Equipment Type

Construction Employment Increases in 40 States, D.C.

Construction firms added jobs in 40 states and the Washington, D.C. over the past 12 months and in 30 states and D.C. between April and May, according to an analysis of federal data by the Associated General Contractors of America (AGC). 

June 23, 2014

Construction firms added jobs in 40 states and the Washington, D.C. over the past 12 months and in 30 states and D.C. between April and May, according to an analysis of federal data by the Associated General Contractors of America (AGC). AGC officials said the employment gains help, but that construction employment remains below peak levels in every state and the District of Columbia, except North Dakota.

"With demand for construction growing in most states, many firms are slowly rebuilding their depleted payrolls," said Stephen E. Sandherr, AGC’s CEO. "But if overall economic growth slows, construction employment could backslide in many states."

Nevada led all states in percentage gains in construction employment (12.5 percent, 7,000 jobs) between May 2013 and May 2014. Other states adding a high percentage of new construction jobs for the past 12 months included Florida (9.8 percent, 35,300 jobs), Minnesota (9.7 percent, 9,700 jobs) and Kansas (8.9 percent, 5,000 jobs). California added the most new construction jobs for the year (37,700 jobs, 5.9 percent), followed by Florida, Texas (26,500 jobs, 4.3 percent) and New York (12,000 jobs, 3.7 percent).

Ten states shed construction jobs during the past twelve months, with West Virginia losing the highest percentage, (-6.8 percent, -2,200 jobs). Other states that lost a high percentage of jobs include New Jersey (-6.2 percent, -8,500 jobs), Montana (-5.7 percent, -1,400 jobs) and New Mexico (-5.0 percent, -2,100 jobs). New Jersey lost the most construction jobs between May 2013 and May 2014, followed by Arizona (-4,100 jobs, -3.3 percent), Virginia (-2,800 jobs, -1.6 percent) and West Virginia.

Minnesota (3,800 jobs, 3.6 percent) added the most jobs between April and May, followed by New York (3,000 jobs, 0.9 percent), Colorado (2,800 jobs, 2.1 percent) and Pennsylvania (2,200 jobs, 0.9 percent). Wyoming (4.1 percent, 900 jobs) had the highest percentage increase for the month, followed by Minnesota, Vermont (3.6 percent, 500 jobs) and Kansas (3.2 percent, 1,900 jobs).

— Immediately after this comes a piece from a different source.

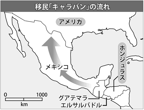 「『移民』キャラバン」と報じられているが、ほとんどがホンジュラスなどからの難民だ。長大な行路を、炎天下や酷寒の中で子どもを連れて徒歩で進むのは並大抵のことではない。ホンジュラスで戦争と2009年の軍事クーデターでの大虐殺が行われ、全域が破壊されなかったならば、キャラバンもなかったはずだ。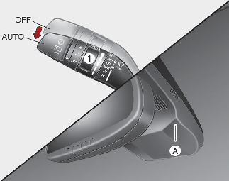 The rain sensor (A) located on the upper end of the windscreen glass senses the amount of rainfall and controls the wiping cycle for the proper interval. The more it rains, the faster the wiper operates. When the rain stops, the wiper stops.

Nineteen states lost construction jobs for the month, with Florida (-6,100 jobs, -1.5 percent) losing the most. Other states experiencing large monthly declines in total construction employment included Arizona (-4,400 jobs, -3.6 percent), Ohio (-3,600 jobs, -1.9 percent) and Missouri (-3,500 jobs, -3.2 percent). Arizona experienced the highest monthly percentage decline, followed by Missouri, New Hampshire (-2.7 percent, -600 jobs) and West Virginia (-2.4 percent, -800 jobs).

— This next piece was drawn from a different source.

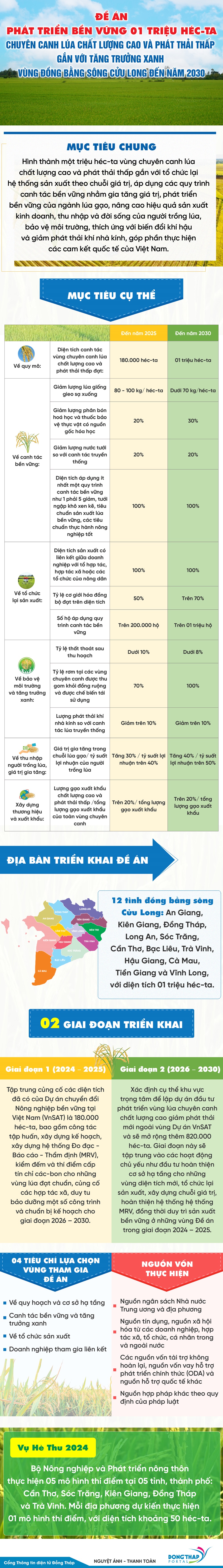 Đề án “Phát triển bền vững một triệu héc-ta chuyên canh lúa chất lượng cao và phát thải thấp gắn với tăng trưởng xanh vùng Đồng bằng sông Cửu Long đến năm 2030”, được Chính phủ ban hành nhằm tổ chức lại hệ thống sản xuất theo chuỗi giá trị, áp dụng các quy trình canh tác bền vững để gia tăng giá trị, phát triển bền vững của ngành lúa gạo, bảo vệ môi trường, thích ứng với biến đổi khí hậu và giảm phát thải khí nhà kính v.v..

Association officials emphasized that Washington officials could bring additional security to construction employment levels by passing new legislation to finance highway and transit construction. By passing a new surface transportation bill that includes the kind of revenue being proposed by Senators Corker and Murphy, a lot of stability would be added to what has been a very uneven construction recovery.

"Quickly passing a long-term highway and transit bill will give many construction employers the security they need to begin adding to their payrolls," Sandherr said. "It is hard to hire someone if you don't know what the market conditions will be like next year, or even next month, which is exactly what many highway and transit contractors have to cope with right now."